Io sono a Cagliari, lontana da tutto e da tutti. Mi arriva un sms di Lelio Aiello "Mi ascolti in streaming alle dieci?". Io sto mangiando tagliatelle con la bottarga, le arselle e i carciofi. Finisco e vado in albergo, tolgo le scarpe, apro il computer, mi collego alla rete e ascolto. Poi accendo il registratore e parlo. Commento quello che ascolto, in un gioco di specchi che disorienta. Nulla di nuovo, no. E cosa ci interessa del nuovo? Ho appena finito di conversare con un cinquantenne conosciuto per caso, solo perchè condivideva la mia stessa sala da ristorazione. Si parlava del vecchio, e di quello che, quel vecchio, è ora.
Altre parole, ora, alla radio, inneggiano a 'una coscienza critica che non si enuncia in qualità di principio ma che si esercita puntualmente e dolorosamente sul corpo proprio e degli altri'.
Io ho esercitato la mia coscienza critica sul corpo meccanico di un registratore, così come ha fatto Liliana Moro, con il suo radiodramma, che altro non è che un filtro tra la necessità di un artista e la curiosità di un pubblico.
Trovo interessante questa distanza, che rende l'arte più liquida di come Bauman se la immagina, e, forse, maggiormente portatrice di valori di quanto si immaginino gli assassini del postmoderno.
Nulla di nuovo nell'ascolto in streaming. Il calcio ci supera in qualità e auditel. Credo che l'incedere carbonaro dell'informazione via sms del radiodramma di Liliana Moro, conceda all'opera quella componente esistenziale che, paradossalmente, si sposa con la stratificazione asettica del mezzo.

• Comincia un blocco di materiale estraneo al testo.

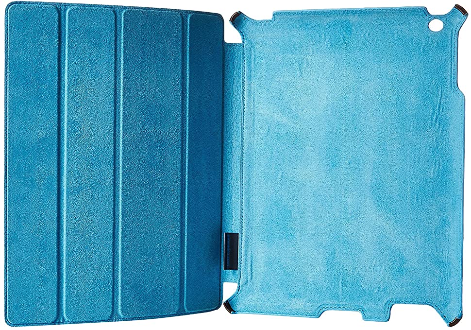 Raffinata custodia a in pelle spatolata con taglio a vivo dipinto del tipico turchese Bluesquare. Disponibile in nero.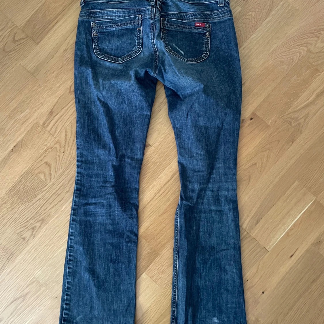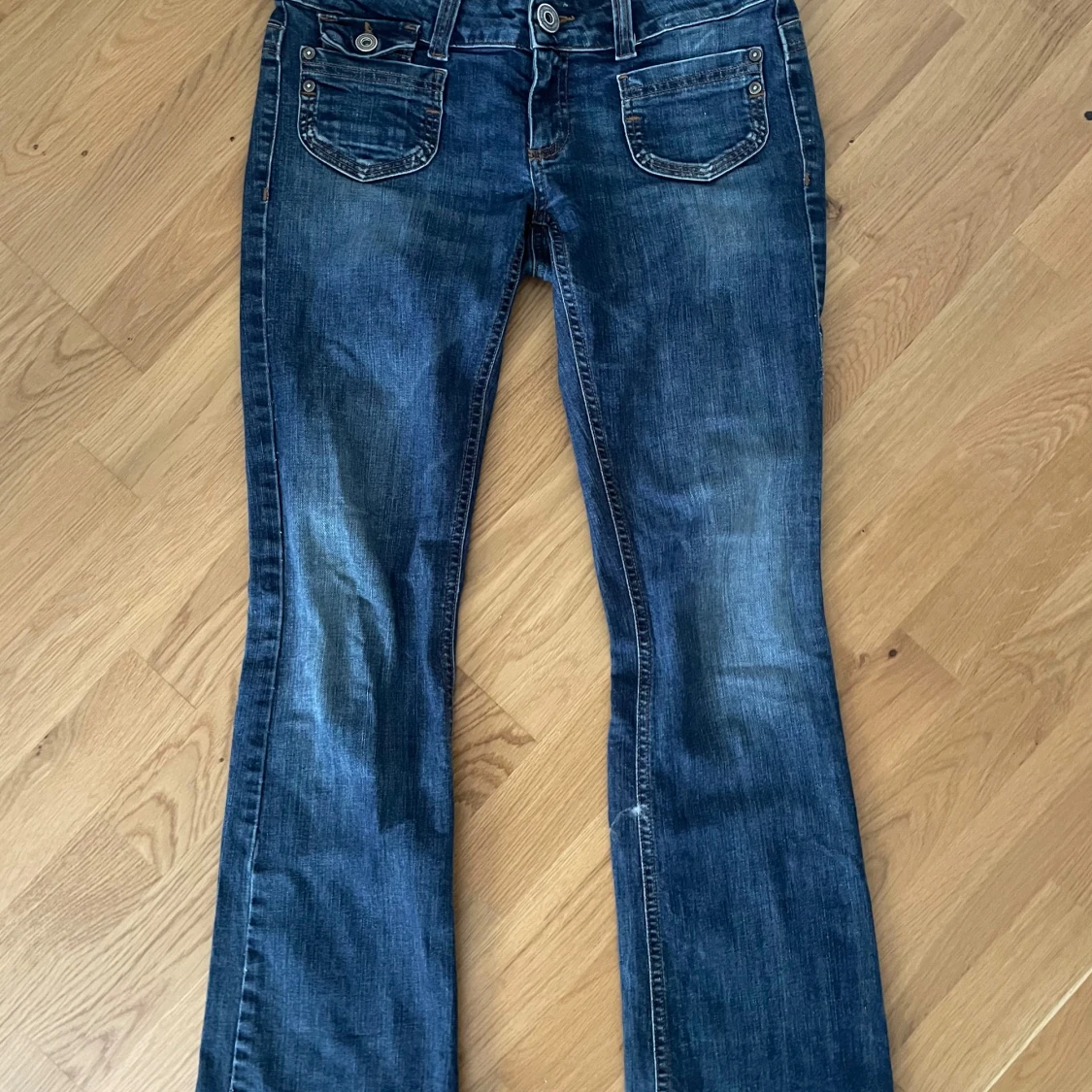 Snygga blå jeans från ONLY i storlek 38/32 med bootcut passform och låg midja. Klassisk femficksmodell med slitningar och kontrastsömmar. Jeansen är i stretchigt denim och har coola detaljer vid fickorna. Perfekta för dig som gillar en avslappnad men trendig look.
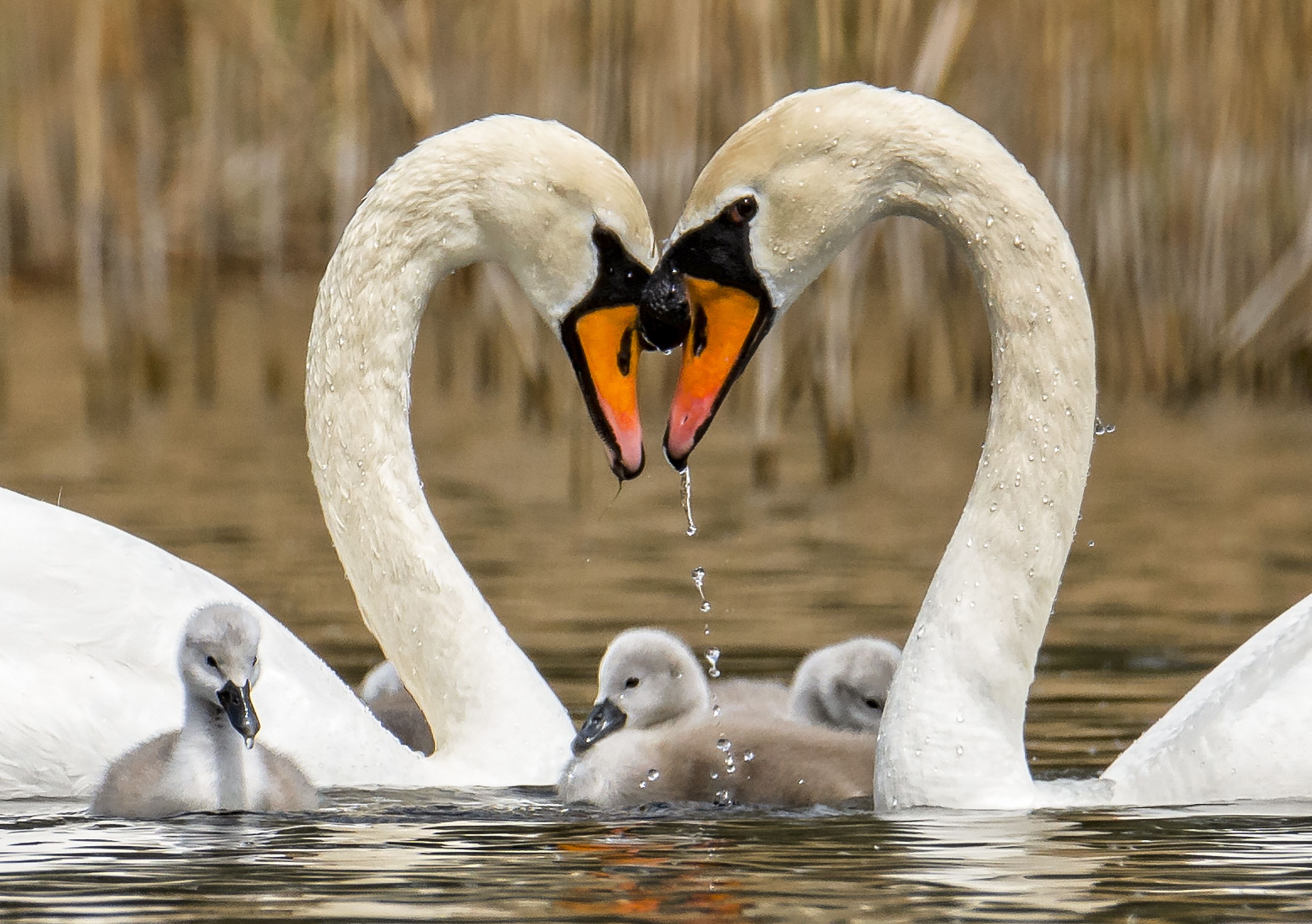 This swan couple has a romantic moment as they create a heart shape while nuzzling their beaks together over their cygnets swimming underneath. The tender scene was snapped by Philip Wilson at Bedfont Lakes near Heathrow Airport in London in the last decade of May 2024. (Photo by Philip Wilson/Solent News & Photo Agency)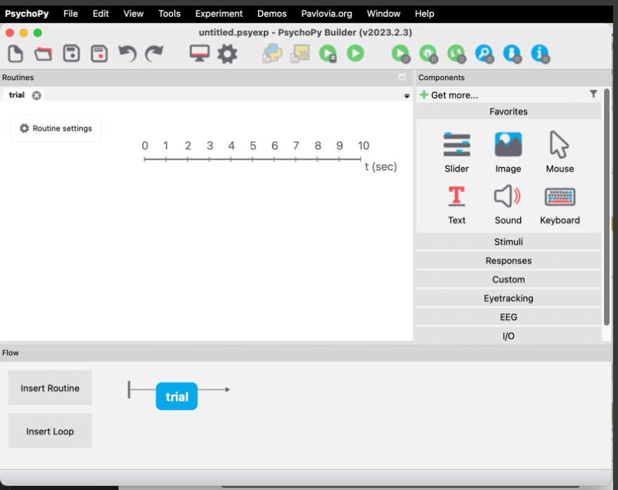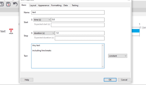 Start set to 0.0 meaning as soon as the routine ‘trial’ is run, the text will appear and last for 1.0s duration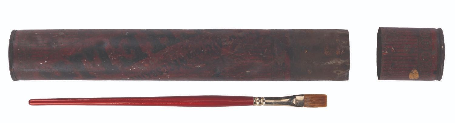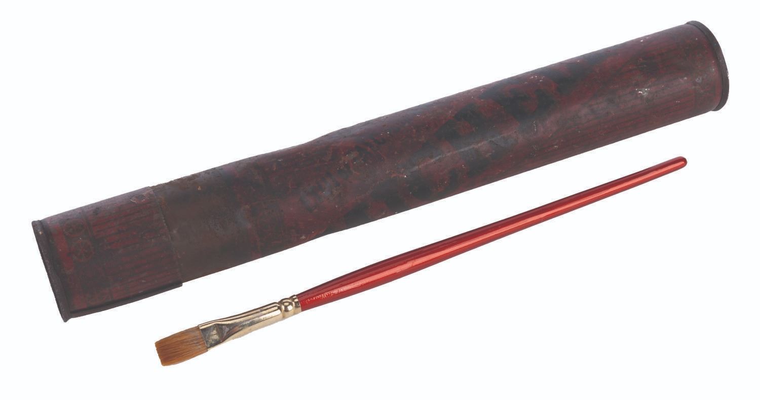 (McQuarrie, 1980s-2012) A Winsor & Newton sable paint brush used by Star Wars artist Ralph McQuarrie. The brush was a gift from McQuarrie to an acquaintance. While it cannot be confirmed this brush was used by McQuarrie while painting Star Wars art, it is his preferred brush, and he is pictured using the same type on production art for The Empire Strikes Back and others. Measuring 7.25" long, the brush is in fine condition, with slight paint residue in the bristles from use.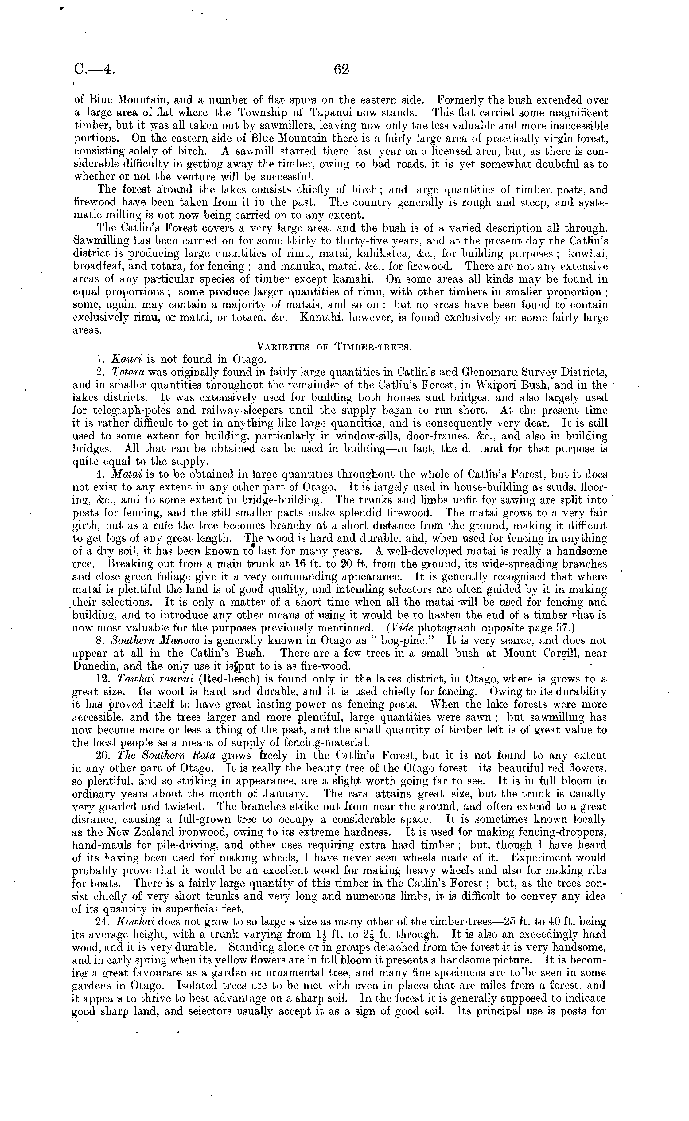 of Blue Mountain, and a number of flat spurs on the eastern side. Formerly the bush extended over a large area of flat where the Township of Tapanui now stands. This flat carried some magnificent timber, but it was all taken out by sawmillers, leaving now only the less valuable and more inaccessible portions. On the eastern side of Blue Mountain there is a fairly large area of practically virgin forest, consisting solely of birch. A sawmill started there last year on a licensed area, but, as there is considerable difficulty in getting away the timber, owing to bad roads, it is yet somewhat doubtful as to whether or not the venture will be successful. The forest around the lakes consists chiefly of birch; and large quantities of timber, posts, and firewood have been taken from it in the past. The country generally is rough and steep, and systematic milling is not now being carried on to any extent. The Catlin's Forest covers a very large area, and the bush is of a varied description all through. Sawmilling has been carried on for some thirty to thirty-five years, and at the present day the Catlin's district is producing large quantities of rimu, matai, kahikatea, &c, for building purposes ; kowhai, broadfeaf, and totara, for fencing ; and manuka, matai, &c, for firewood. There are not any extensive areas of any particular species of timber except kamahi. On some areas all kinds may be found in equal proportions ; some produce larger quantities of rimu, with other timbers in smaller proportion ; some, again, may contain a majority of matais, and so on : but no areas have been found to contain exclusively rimu, or matai, or totara, &c. Kamahi, however, is found exclusively on some fairly large areas. Varieties of Timber-trees. 1. Kauri is not found in Otago. 2. Totara was originally found in fairly large quantities in Catlin's and Glenomaru Survey Districts, and in smaller quantities throughout the remainder of the Catlin's Forest, in Waipori Bush, and in the lakes districts. It was extensively used for building both houses and bridges, and also largely used for telegraph-poles and railway-sleepers until the supply began to run short. At the present time it is rather difficult to get in anything like large quantities, and is consequently very dear. It is still used to some extent for building, particularly in window-sills, door-frames, &c, and also in building bridges. All that can be obtained can be used in building—in fact, the d\ and for that purpose is quite equal to the supply. 4. Matai is to be obtained in large quantities throughout the whole of Catlin's Forest, but it does not exist to any extent in any other part of Otago. It is largely used in house-building as studs, flooring, &c, and to some extent in bridge-building. The trunks and limbs unfit for sawing are split into posts for fencing, and the still smaller parts make splendid firewood. The matai grows to a very fair girth, but as a rule the tree becomes branchy at a short distance from the ground, making it difficult to get logs of any great length. The wood is hard and durable, and, when used for fencing in anything of a dry soil, it has been known to last for many years. A well-developed matai is really a handsome tree. Breaking out from a main trunk at 16 ft. to 20 ft. from the ground, its wide-spreading branches and close green foliage give it a very commanding appearance. It is generally recognised that where matai is plentiful the land is of good quality, and intending selectors are often guided by it in making their selections. It is only a matter of a short time when all the matai will be used for fencing and building, and to introduce any other means of using it would be to hasten the end of a timber that is now most valuable for the purposes previously mentioned. (Vide photograph opposite page 57.) 8. Southern Manoao is generally known in Otago as " bog-pine." It is very scarce, and does not appear at all in the Catlin's Bush. There are a few trees in a small bush at Mount Cargill, near Dunedin, and the only use it is|put to is as fire-wood. 12. Tawhai raunui (Red-beech) is found only in the lakes district, in Otago, where is grows to a great size. Its wood is hard and durable, and it is used chiefly for fencing. Owing to its durability it has proved itself to have great lasting-power as fencing-posts. When the lake forests were more accessible, and the trees larger and more plentiful, large quantities were sawn ; but sawmilling has now become more or less a thing of the past, and the small quantity of timber left is of great value to the local people as a means of supply of fencing-material. 20. The Southern Rata grows freely in the Catlin's Forest, but it is not found to any extent in any other part of Otago. It is really the beauty tree of the Otago forest—its beautiful red flowers, so plentiful, and so striking in appearance, are a slight worth going far to see. It is in full bloom in ordinary years about the month of January. The rata attains great size, but the trunk is usually very gnarled and twisted. The branches strike out from near the ground, and often extend to a great distance, causing a full-grown tree to occupy a considerable space. It is sometimes known locally as the New Zealand ironwood, owing to its extreme hardness. It is used for making fencing-droppers, hand-mauls for pile-driving, and other uses requiring extra hard timber ; but, though I have heard of its having been used for making wheels, I have never seen wheels made of it. Experiment would probably prove that it would be an excellent wood for making heavy wheels and also for making ribs for boats. There is a fairly large quantity of this timber in the Catlin's Forest; but, as the trees consist chiefly of very short trunks and very long and numerous limbs, it is difficult to convey any idea of its quantity in superficial feet. 24. Kowhai does not grow to so large a size as many other of the timber-trees—2s ft. to 40 ft. being its a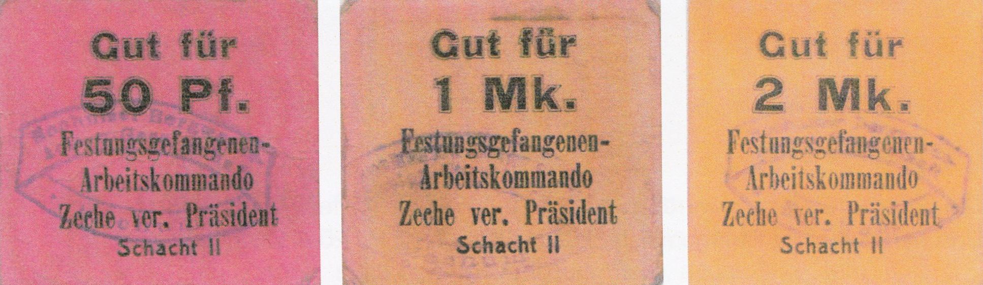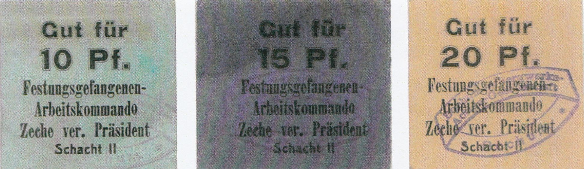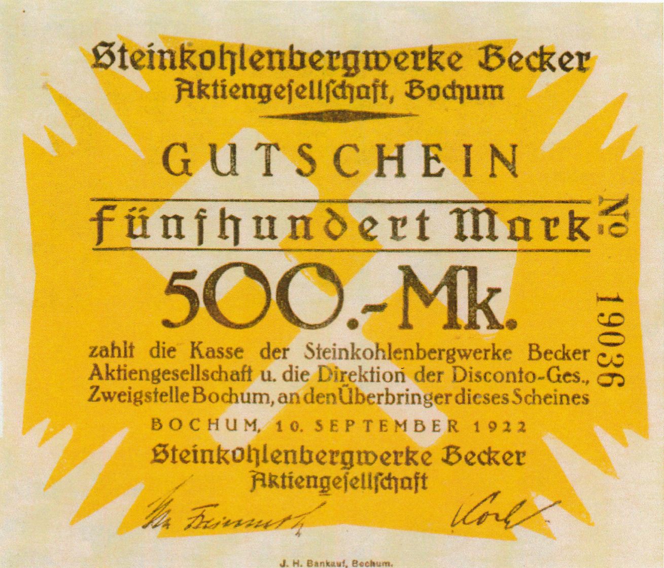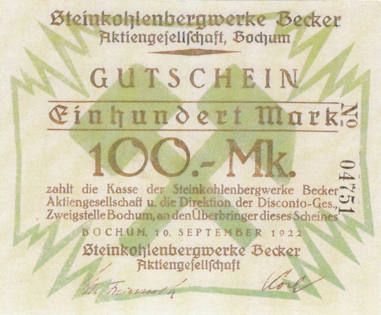 der Nominalwert aufgedruckt. Die Zechengesellschacht Becker mit der Zeche Präsident druckte auf die Rückseite eine Ansicht der Schachtanlage 2,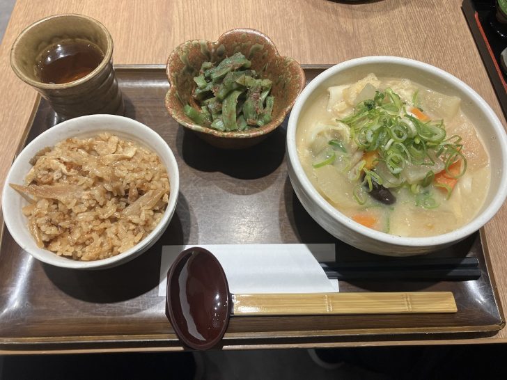 JR別府駅の構内にある「豊後茶屋 別府店」でお昼にランチで「だんご汁セット」を頂きました♪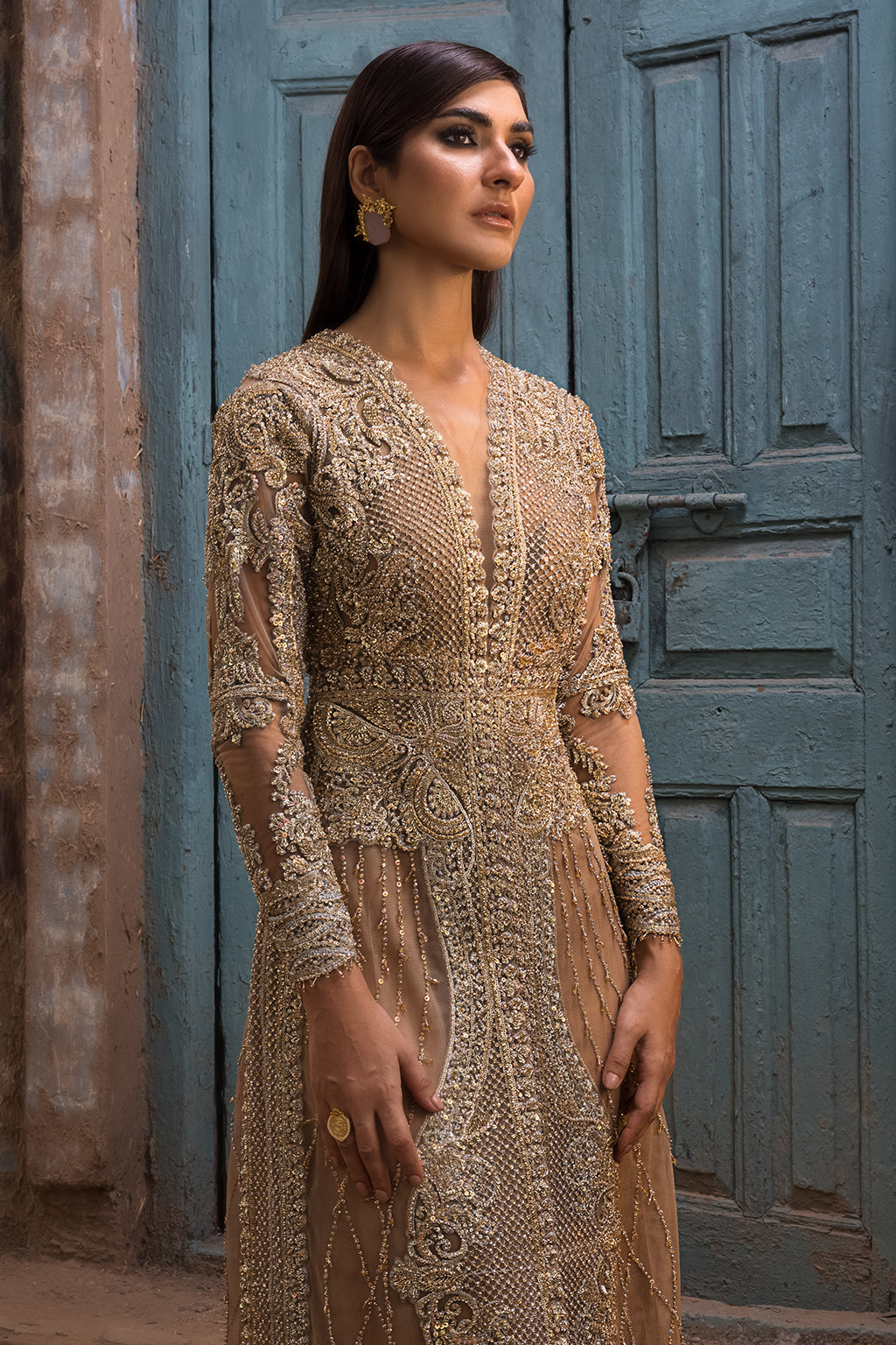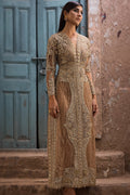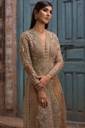 A majestic gold ensemble adorned with shaded, katori and metallic sequins. Exquisite net embroidery work embellished with swaroskis and crystals adding in to the bling of the whole attire.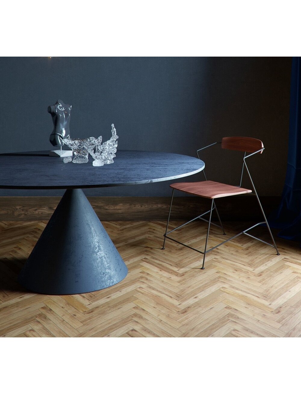 Основание стола выполнено из цельногнутого массива берёзы облицованное полимерными материалами и микро цементом. Текстура создаётся мастерами вручную. Доступны в круглом и овальном исполнении Цена за стол в размере 120 х 120 см.

Un inno all'istruzione per l'uso, alla posologia dello psicofarmaco, alla performance da viaggio (la puoi ascoltare anche in viaggio (!), al molti - uno, alla possibilità di partecipare a un'esperienza con la consapevolezza di poter chiudere senza che nessuno lo venga a sapere: la coscienza critica esercitata puntualmente e dolorosamente sul corpo proprio. Agli altri ci si pensa dopo.